STARSTEM is devoted to understanding how stem cells and extracellular vesicles lead to healing. Understanding the hallmarks of the healing process will help researchers and doctors to treat a wide range of human diseases. The STARSTEM project comprises:

  • Optoacoustic imaging (OAI) – a biomedical imaging process to understand the healing process.

  • The STARSTEM nanostar – gold nanoparticle which will enhance the photo-acoustic effect.

  • Comprehensive experiment strategy – understanding therapeutic efficacy for arthritis.

Imaging in regenerative medicine

Regenerative medicine is a branch of medicine dedicated to developing methods which can repair or replace cell, organ, and tissue function that has been lost due to age, disease, damage, or congenital defects.

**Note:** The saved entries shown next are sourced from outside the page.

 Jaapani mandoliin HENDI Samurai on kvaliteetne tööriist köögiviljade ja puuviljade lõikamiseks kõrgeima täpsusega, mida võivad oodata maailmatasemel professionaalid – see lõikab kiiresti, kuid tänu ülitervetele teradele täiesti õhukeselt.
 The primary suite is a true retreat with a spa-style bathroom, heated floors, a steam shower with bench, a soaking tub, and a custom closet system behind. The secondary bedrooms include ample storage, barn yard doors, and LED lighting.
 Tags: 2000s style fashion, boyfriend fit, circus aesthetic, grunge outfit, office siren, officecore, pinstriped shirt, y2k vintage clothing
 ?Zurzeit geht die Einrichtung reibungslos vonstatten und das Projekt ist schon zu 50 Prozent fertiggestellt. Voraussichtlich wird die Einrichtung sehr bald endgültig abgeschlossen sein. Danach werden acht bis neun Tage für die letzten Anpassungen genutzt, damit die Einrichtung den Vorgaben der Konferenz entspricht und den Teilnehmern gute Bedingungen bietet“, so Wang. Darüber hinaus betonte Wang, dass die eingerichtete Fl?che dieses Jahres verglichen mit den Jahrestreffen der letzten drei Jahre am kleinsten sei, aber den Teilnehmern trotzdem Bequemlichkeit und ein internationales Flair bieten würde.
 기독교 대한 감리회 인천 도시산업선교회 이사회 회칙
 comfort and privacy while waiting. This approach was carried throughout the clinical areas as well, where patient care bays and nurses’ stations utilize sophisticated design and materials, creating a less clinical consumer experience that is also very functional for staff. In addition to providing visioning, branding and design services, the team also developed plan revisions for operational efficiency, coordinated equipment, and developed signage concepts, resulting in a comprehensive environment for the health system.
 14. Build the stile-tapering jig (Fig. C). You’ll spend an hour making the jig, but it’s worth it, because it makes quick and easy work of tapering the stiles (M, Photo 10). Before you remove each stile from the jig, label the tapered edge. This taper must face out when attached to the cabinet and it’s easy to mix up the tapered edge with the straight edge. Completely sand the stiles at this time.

The ability to take high-resolution optical imaging deep inside tissues means that healing can be tracked over time in a non-invasive way.

A key question for regenerative medicine is the nature of the therapeutic agent – do stem cells lead to healing directly, or do they ‘communicate’ with the body via sub-cellular particles, and trigger healing ‘at a distance’?

While we focus on stem cells and extracellular vesicles, the STARSTEM technology has great promise for use in other cell therapies (e.g.  enabling us to track, for example, cells used in novel cancer therapies).

Stem cell therapy, has shown great potential in the treatment of a wide range of illnesses, from diabetes to cancer, arthritis to transplant rejection. STARSTEM will allow us to make great strides towards optimising treatments for patients.